The Informant!

Matt Damon!

As if the trailer for ‘Invictus’ wasn’t too much, actually sitting through ‘The Informant!’ was so much more Matt Damon than I wanted to handle.

What’s Good About It

Any time somebody makes a black comedy, I’m happy to watch. This is pretty warped, but I’m not really sure this is quite black. It’s more of a 70s TV kitsch pastiche of events in the 1990s, made to look more distant than they are. All the same, the film has a lot of laughs in it and there’s never really a dull moment.

The film is also though-provoking about the nature of confidential informants and the kind information they can provide investigations. The film goes into some interesting intellectual space regarding the wiring of the informant in order to get incriminating information. The story gets very complicated and therefore more interesting when we realise that the persona of Mark Whitacre played by Matt Damon is more like an onion, with layers of subterfuge going on – and the layers go on and on.

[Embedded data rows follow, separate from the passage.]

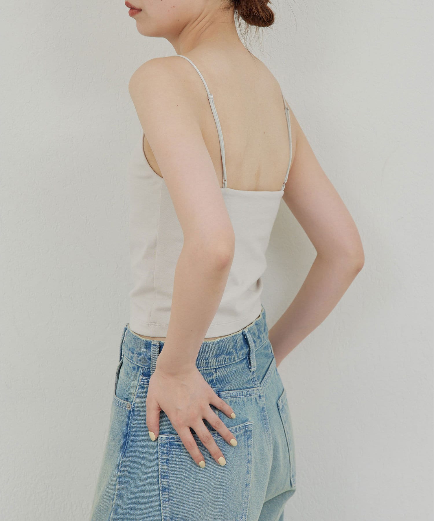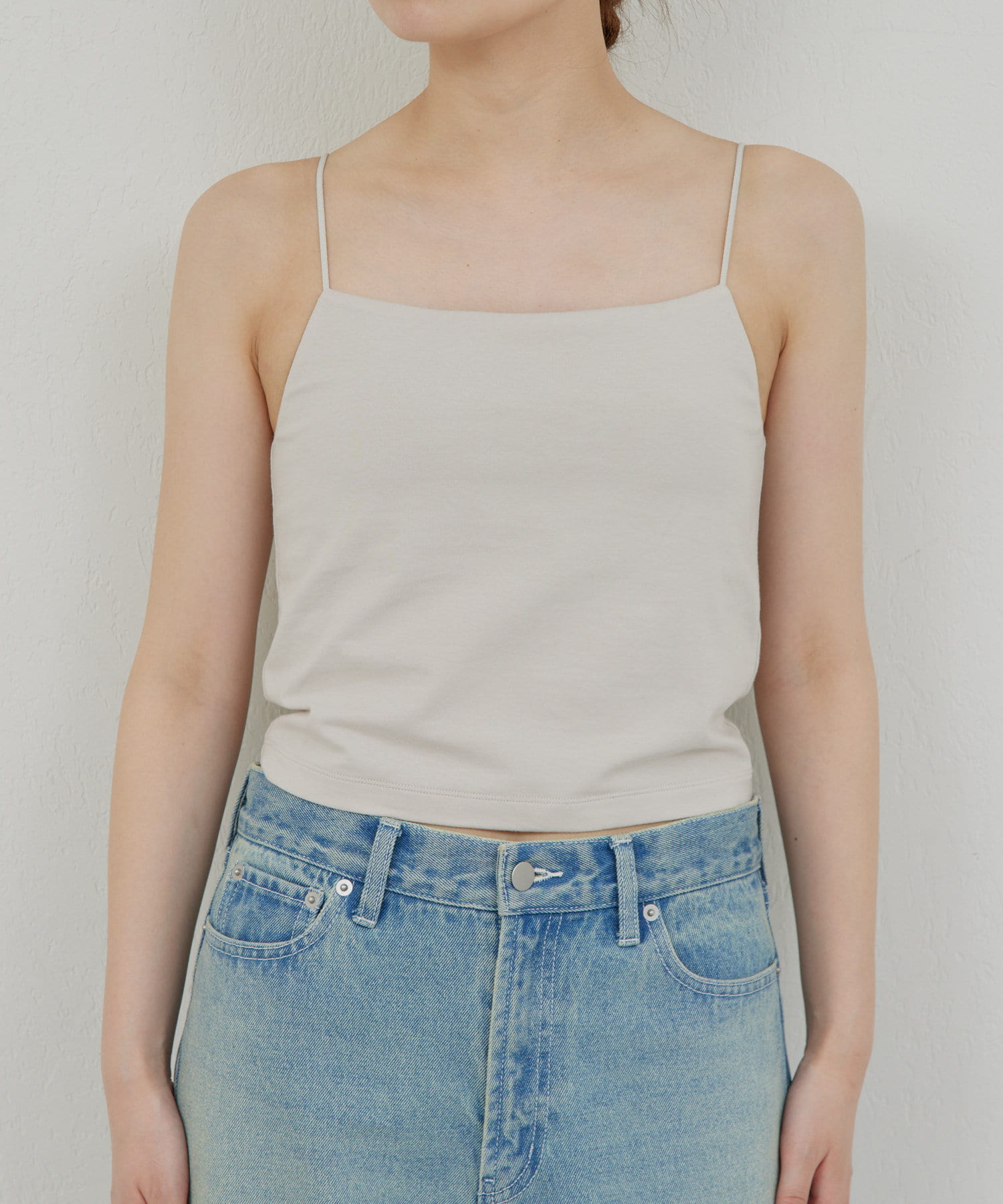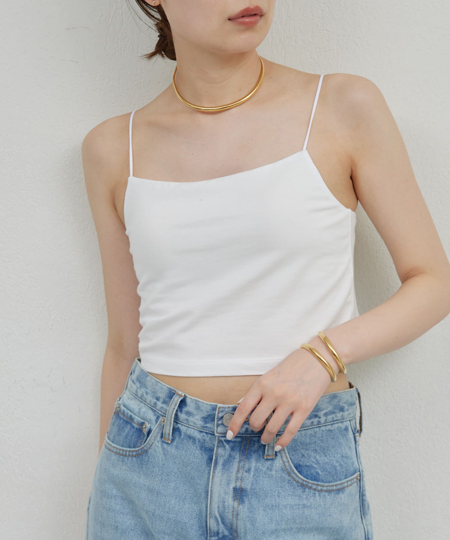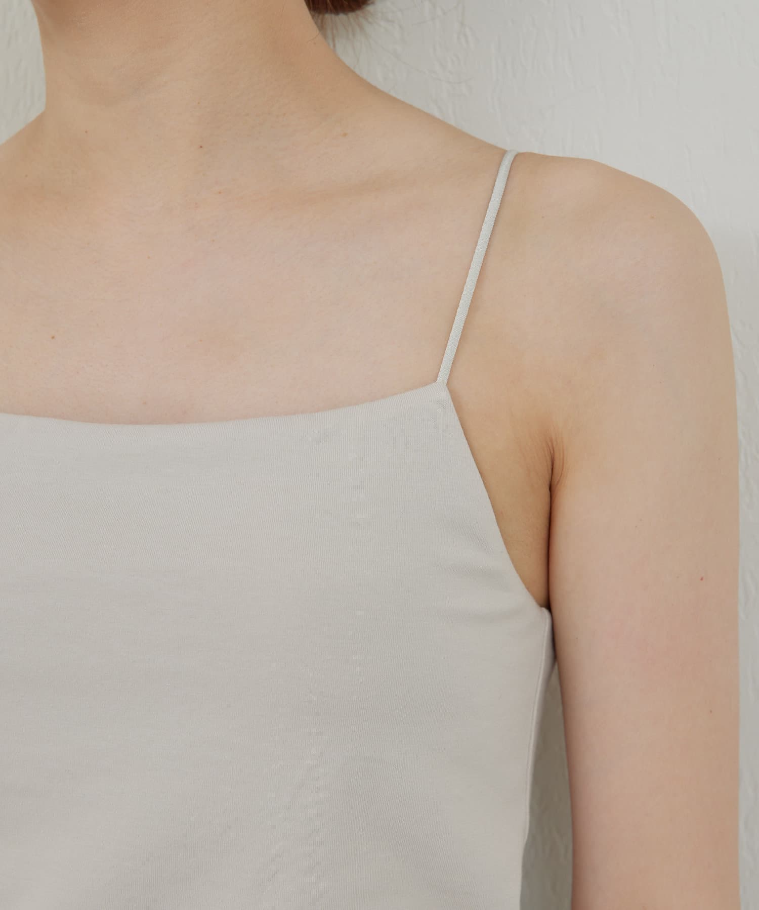 ●シアートップスや深Vネックアイテムのインナーとして重宝する1枚。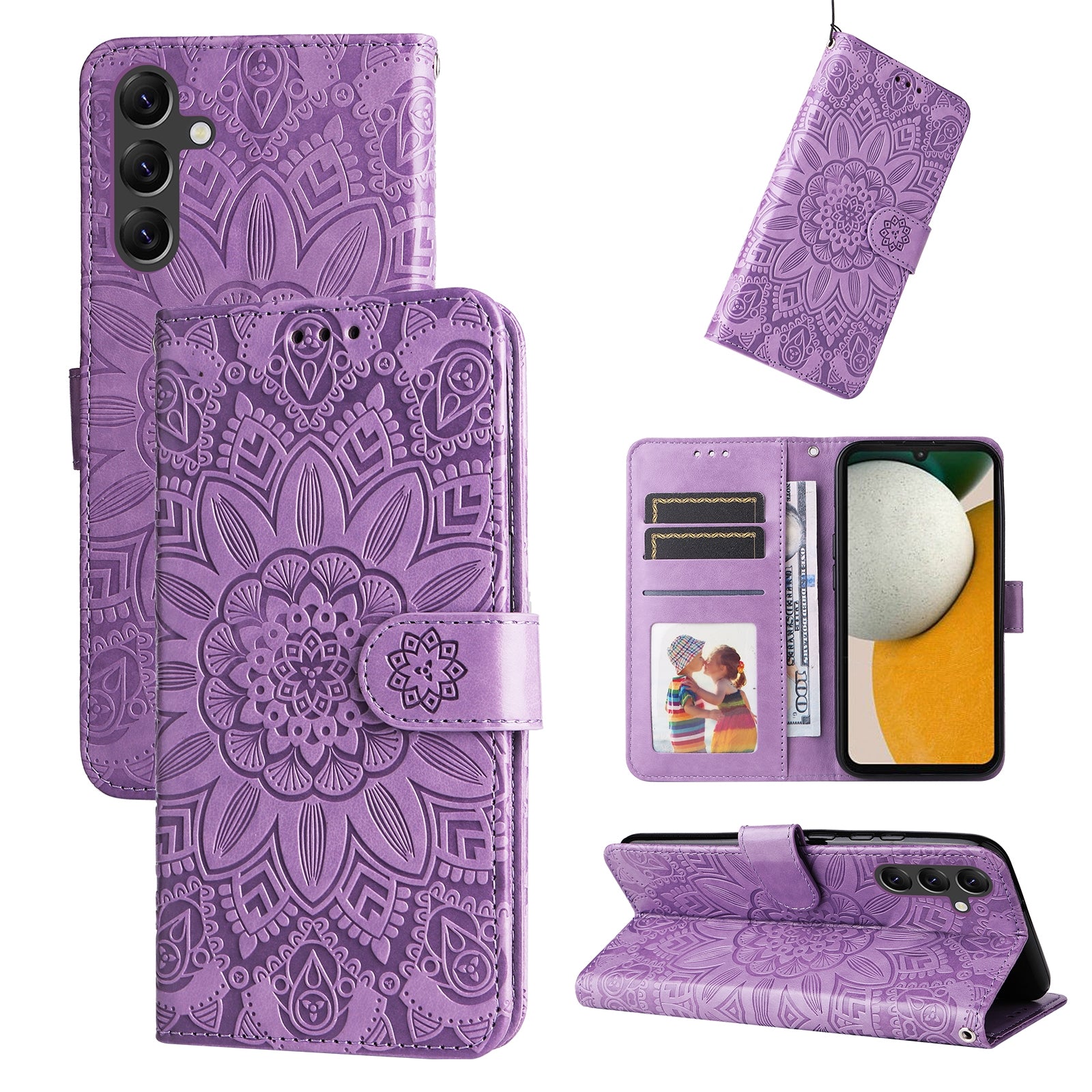 Samsung Galaxy A15 Sunflower Embossed Leather Wallet Phone Case with Kickstand and Card Holder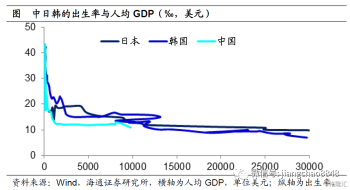 我们发现,导致生育率下降的最主要原因其实是抚养成本的上升。中国的人均GDP已经达到1万美元,即将跨入世行提出的1.2万美元的全球高收入国家行列。而当年日本、韩国在人均GDP达到1万美元之后,其出生率也大幅下降至10‰左右,跟我们现在差不多。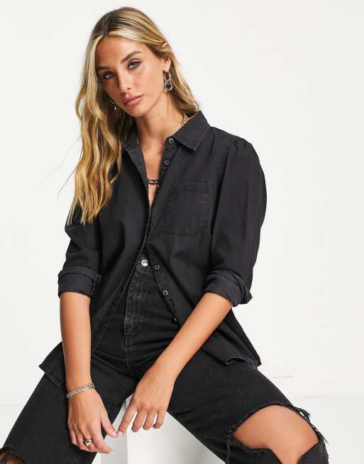 ASOS DESIGN soft denim puff sleeve shirt in washed black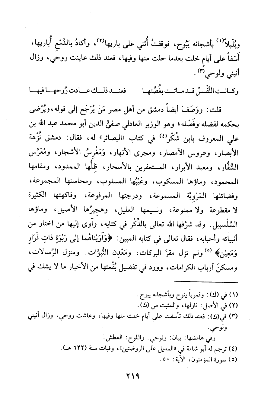 وبلبلا بأشجانه يبوح فوقفت أثني على باريها وأكاد بالدمع أباريها أسفا على أَيَّام خلت بَعْدَمَا حلت مِنْهَا وفيهَا فَعِنْدَ ذَلِك عَايَنت روحي وَزَالَ أنيني ولوحي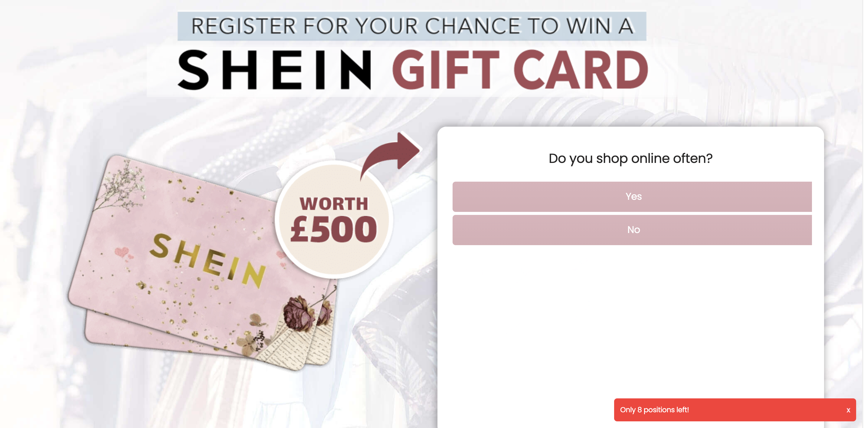 | Offer Name: | UK - Quiztionnaire - Shein Giftcard - (CPL) |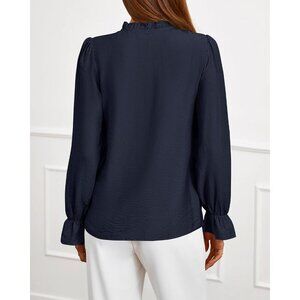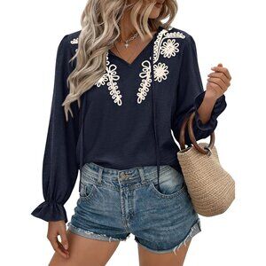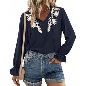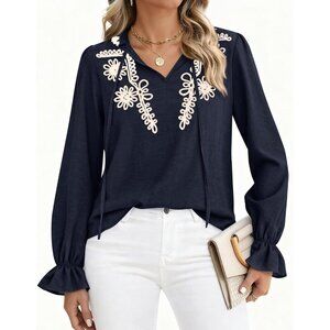 Features: Soft, breathable fabric with a delicate floral embroidery design. Features a flattering V-neck, tie-front detail that can be adjusted or left open, elastic ruffle cuffs add a charming touch. Comfortable, lightweight, and easy to style for multiple seasons.

It becomes a running gag that Whitacre has somehow not told the entire truth about things as things gradually, and then rapidly spiral out of control.

The film is also a fine study in bipolar disorder, but one also suspect that the bipolar symptoms are being faked, and that Whitacre in this film is in fact personality disordered like nobody else.

What’s Bad About It

The pacing in this story is a little odd. You never get the feeling there’s any momentum to the story, just a sense in which things get dragged on and on with further bizarre complications. It’s not that I think it’s bad as such, but a sign that maybe the film isn’t working too well. Except I don’t know what I would have cut. All of it is necessary to tell the incredibly intricate mess of a story.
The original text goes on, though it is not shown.